Session 05 flips the conventional wisdom about system prompts. Instead of cramming all domain knowledge into the system message upfront, skills load on demand via tool_result injection. The agent discovers what skills are available and pulls what it needs. Context stays lean.

A cross-section of a building with three floors. The bottom floor is labeled micro-compact and shows old documents being shredded into short labels. The middle floor is labeled auto-compact and shows a librarian condensing a tall stack of papers into a single summary page. The top floor is labeled manual compact and shows the agent pressing a big red button to trigger the same condensation. A dotted line shows the transcript being archived to a filing cabinet on the side. — Three-layer context compression: micro, auto, and manual. Each layer tackles a different scale of memory bloat.

Session 06 is the compression masterpiece. It implements a three-layer strategy. Layer one (micro-compact) silently replaces old tool_result content with short labels on every turn. Layer two (auto-compact) kicks in when tokens exceed a threshold: it saves the full transcript to disk, asks the model to summarize the conversation, and replaces all messages with the summary. Layer three is a manual compact tool the model can call on demand.

The agent can forget strategically and keep working forever. This is the mechanism that separates a demo from a production tool. Without it, every long session would crash into context limits.

From Solo Agent to Autonomous Teams

The final four sessions escalate dramatically. Session 09 introduces persistent teammate agents with async mailboxes under .team/inbox/. Each teammate runs its own agent loop.
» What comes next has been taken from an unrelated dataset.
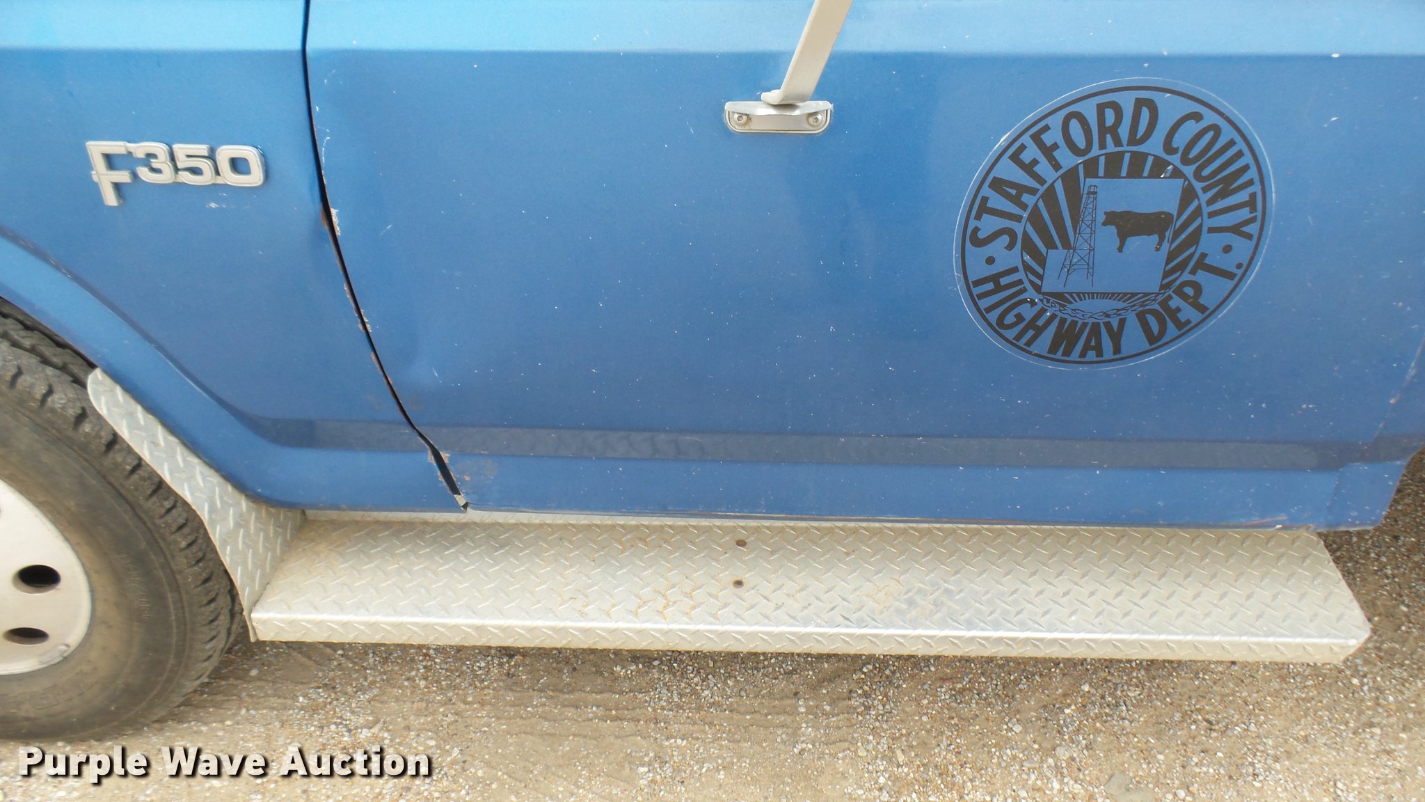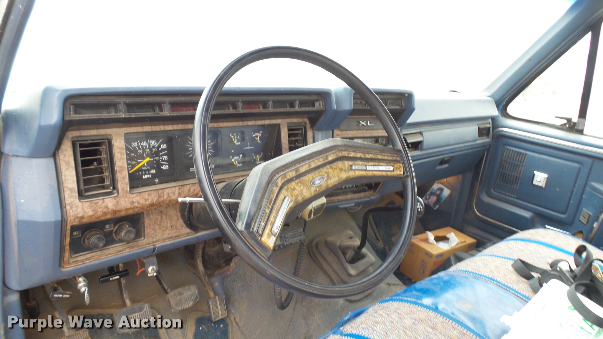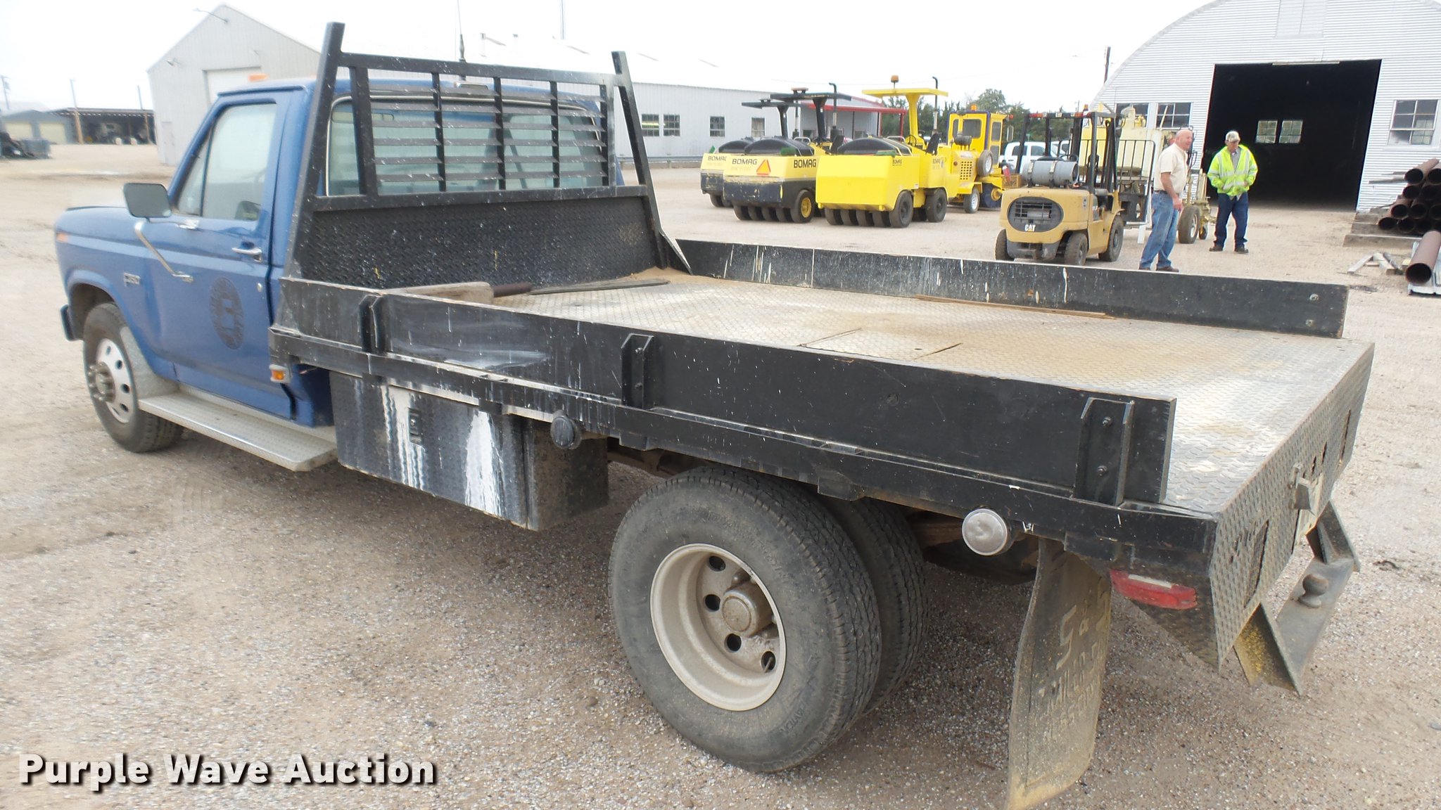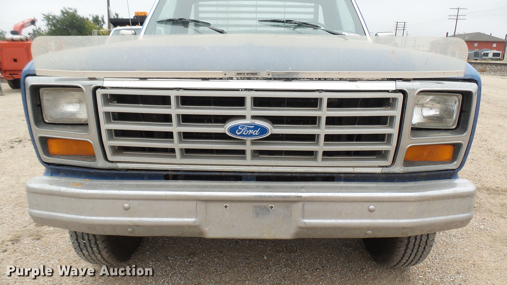 Purple Wave is selling a used 3/4 or 1 Ton Pickup or Van in Kansas. This item is a 1985 Ford F350 flatbed pickup truck with the following: 52,946 miles on odometer, Actual mileage unknown, 7.5L V8 OHV 16V gas engine, Four speed manual transmission, AC and heat, AM/FM, Power windows and locks, Vinyl interior, Running boards, 10.5'L x 88"W flatbed, Gooseneck ball, Receiver hitch, Trailer wiring, 7.50R16 tires

Communication happens through JSON message files dropped into per-agent inbox directories.

Session 10 standardizes the protocol. One request-response pattern drives all negotiation: messages, broadcasts, shutdown requests, shutdown responses, plan approvals. It is deliberately simple. The complexity of multi-agent coordination emerges from the model's reasoning, not from the protocol's structure.

VALID_MSG_TYPES = {
    "message", "broadcast",
    "shutdown_request", "shutdown_response",
    "plan_approval_response"
}

Session 11 is the autonomy payoff. Teammates scan the task board and claim tasks themselves. No assignment from the lead. Idle agents poll for unclaimed work and self-organize around the dependency graph. The lead becomes a coordinator, not a micromanager.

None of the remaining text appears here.